18 former Berkeley Co. employees on insurance


MARTINSBURG, W.VA. -- A former Berkeley County employee who died in August 2009 still was on the county's group life insurance rolls as recently as last month, officials said Friday.

The oversight was discovered in April by the finance division of Berkeley County Clerk John W. Small Jr.'s office amid an internal review of insurance records, Deputy County Clerk Marsha Kelley said.

The situation surfaced after officials said last month they had taken steps to remove former Berkeley County Commissioner Howard L. Strauss from the county's health insurance rolls.

Strauss left office in December 2006, but was allowed to stay enrolled in the county's group health insurance plan, a violation of state and federal law, Norwood Bentley III, the county commission's legal counsel, has said.


On Thursday, Alan J. Davis, the county's deputy administrator, proposed that the commission institute an internal control policy that would prohibit any employee or elected official from continuing to participate in the county's various group insurance programs, including life insurance, after leaving county employment.

Davis noted that 18 former employees, including former county commissioners Robert Burkhart, Wayne Dunham, James Smith and John Wright, still were on the county's group life insurance as inactive participants.
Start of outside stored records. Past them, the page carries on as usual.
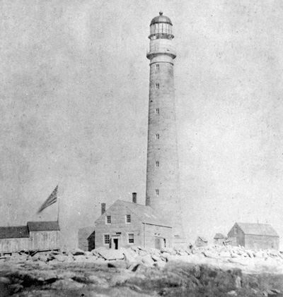 The Nottingham Galley was shipwrecked on Boon Island many years before the first lighthouse was built here in 1799. Shown here from a historic image is the 5th tower to be built here. It was completed in 1852 and the 133-foot tall tower still stands today. (Lighthouse Digest archives.) Back to the edition of: Nov/Dec 2015
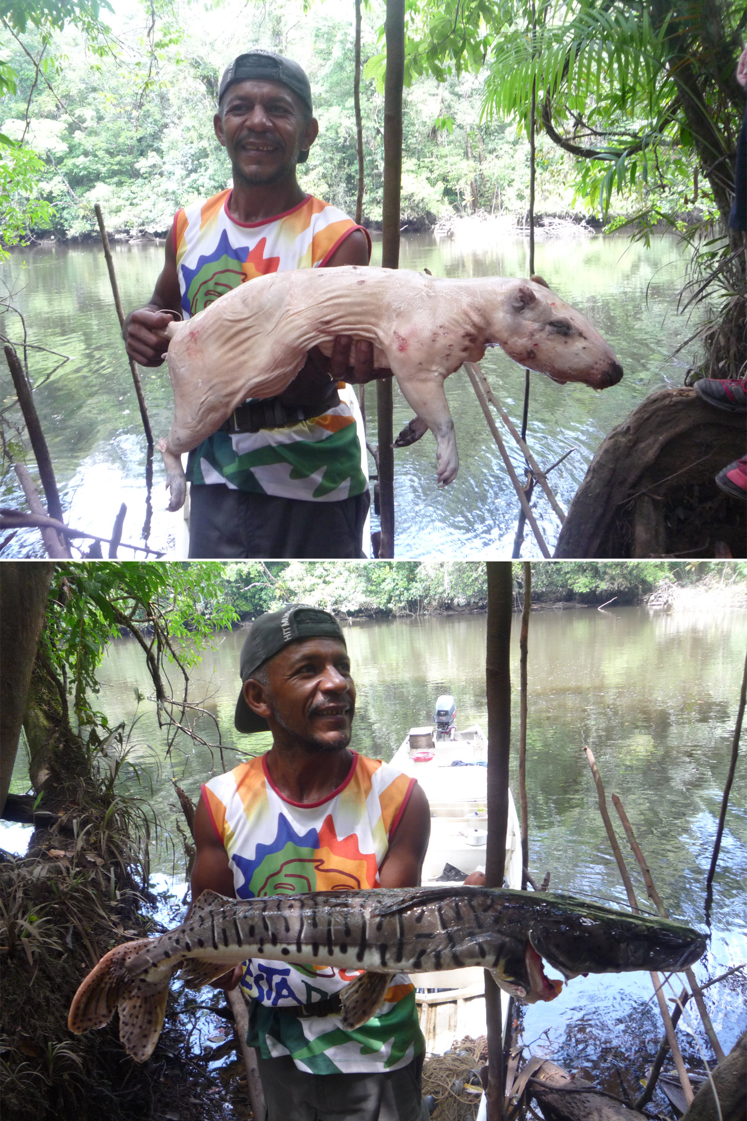 On a fait ensuite la marche retour avec une petite baignade à la crique pour se rafraîchir et re-départ en pirogue où l'on a guetté l'anaconda sur les berges sans toutefois le trouver :-( Raphaël nous a montré le fruit de sa chasse et de sa pêche nocturne, un pak attrapé au fusil, un énorme rongeur et un poisson tigre au filet de pêche, un poisson qui retourne la vase.
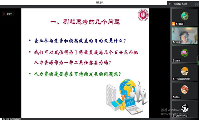 刘教授以“企业参与竞争和提高效益的目的又是什么?我们可以或值得为了将效益提高几个百分点而把人力资源作为一种工具任意妄为吗?人力资源是否存在可持续发展的问题呢?”三个问题引入主题,引出现代组织管理理念层次的变化:从手段到目的的转变,从HRM到HRD的转变。接下来刘教授依次为同学们分享了现代企业管理的变化、在企业的管理中心理学如何突出自身优势以及心理学理论在实际问题中的应用等内容。刘教授指出,企业过去的制度化管理主要注重薪酬、绩效考核等的物质福利,然而如今新时代的企业管理应该在物质的基础上增加员工的精神福利,注重员工的心理健康,建构一个心理健康的员工队伍。在谈到如何解决实际问题时,刘教授为师生们分享了精彩的研究实例,介绍了心理管理学的研究新趋向。
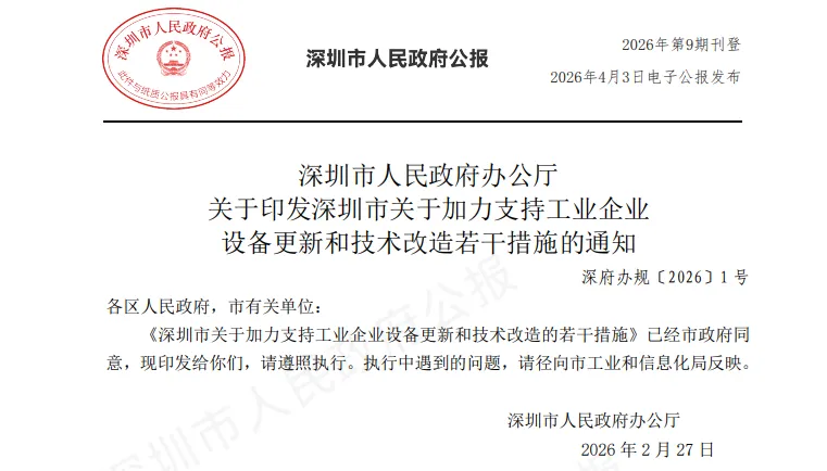 深圳市关于加力支持工业企业设备更新和技术改造的若干措施

The late George F. Potter II, who died in August, also was an inactive participant as a former county employee, Bentley said Friday.

Davis recommended that the county terminate the life insurance for the 18 employees on July 1 to give them time to convert their group coverage to an individual policy.

"These individuals, though not currently employed, benefit from a very attractive group life insurance rate that may not typically be available to the public," Davis said in a memo to the commission.

Bentley told the commission Thursday that his primary concern was whether any of the 18 former employees who are taking advantage of the life insurance benefit actually were ineligible because they did not retire.

Davis told the commission that he believed only one former employee on the list, who recently left the county payroll, was not eligible, but commissioners asked that he revisit his findings after reviewing the list.

Bentley said it wasn't clear to him that the extension of the life insurance benefit ever was authorized by the county commission for retired employees.

"It apparently started happening years and years ago and no one ever questioned it," Bentley said. "I don't know how it happened."

As for Strauss continuing his health insurance, County Administrator Deborah Hammond said Thursday that the commission in 2006 did not have a full-time legal counsel to review the legality of the decision. The county's prosecuting attorney, according to state code, is available to the commission for legal advice.

Hammond, who signed off ledger sheets that listed Strauss' payments after he left office, said the former commissioner had discussed continuing his enrollment with the county's health insurance plan with the county's agent.

"There appeared to be no conflict as there was no written policy prohibiting it," Hammond said of the decision.

At the time Strauss left office, Bentley was retained on a part-time basis and Hammond said the commission did not have the benefit of having a legal review of every decision. She said the commission was paying $150 per hour for legal services prior to having in-house counsel.

Given the spate of insurance concerns, Bentley said he is recommending that the county clerk's office assume full responsibility for managing day-to-day insurance matters and limit the county commission office's involvement to negotiating new contracts. The commission office currently takes the lead role in managing the county's insurance programs.

"I think we would be better served if it would be consolidated ... one office needs to pay very close attention to it," Bentley said.

Kelley said there have been ongoing concerns about the county's insurance programs because "more (money was) going out than what was coming in."

"That's been going on for quite some time," Kelley said.